Dask Working Notes¶
Rotate Long Column Wide - Multiple¶
import pandas as pd
import dask.dataframe as dd
import numpy as np
def convert_dates_to_strings(df, date_columns: list, date_format) -> dd.DataFrame:
for col in date_columns:
df[col] = df[col].dt.strftime(date_format)
df[col] = df[col].replace("01011800", "")
return df
df = pd.DataFrame(
{
"bene_id": ["1", "1", "1", "1", "1"],
"hdr_icn": ["1", "1", "2", "2", "2"],
"rot1": ["A", "B", "C", " ", "E"],
"rot2": ["X", "Y", "Z", " ", " "],
"rot3": [
pd.to_datetime("2018-01-01"),
pd.to_datetime("2018-01-01"),
pd.to_datetime("2018-01-01"),
pd.to_datetime("2018-01-01"),
pd.to_datetime("2018-01-01"),
],
}
)
ddf = dd.from_pandas(df, 4)
ddf = convert_dates_to_strings(ddf, ["rot3"], "%m%d%Y")
ddf = ddf.set_index("bene_id").persist()
def agg_func(x):
return pd.Series(
dict(
# 14.7 ms ± 287 µs per loop (mean ± std. dev. of 7 runs, 100 loops each)

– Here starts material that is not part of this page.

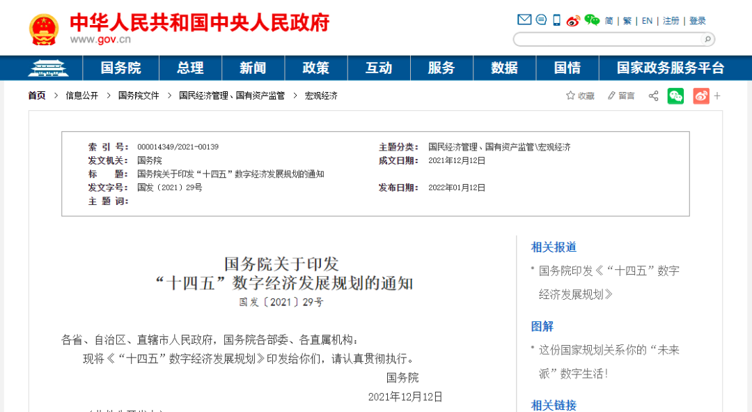 1月12日,中国政府网发布了《“十四五”数字经济发展规划》(以下简称《规划》)全文,明确了“十四五”时期推动数字经济健康发展的指导思想、基本原则、发展目标、重点任务和保障措施。

# rot1="%s" % ";".join(x["rot1"]),
# rot2="%s" % ";".join(x["rot2"]),
# rot3="%s" % ";".join(x["rot3"]),
# 14.7 ms ± 493 µs per loop (mean ± std. dev. of 7 runs, 100 loops each)
# rot1=f'{";".join(x["rot1"])}',
# rot2=f'{";".join(x["rot2"])}',
# rot3=f'{";".join(x["rot3"])}',
# 14.8 ms ± 314 µs per loop (mean ± std. dev. of 7 runs, 100 loops each)
rot1=";".join(x["rot1"]),
rot2=";".join(x["rot2"]),
rot3=";".join(x["rot3"]),
)
)
ddf.groupby(["bene_id", "hdr_icn"]).apply(
agg_func, meta={"rot1": "str", "rot2": "str", "rot3": "str"}
).compute()
We can condense some of this code down by passing a list of columns to agg_func.
import pandas as pd
import dask.dataframe as dd
import numpy as np
def convert_dates_to_strings(df, date_columns: list, date_format) -> dd.DataFrame:
for col in date_columns:
df[col] = df[col].dt.strftime(date_format)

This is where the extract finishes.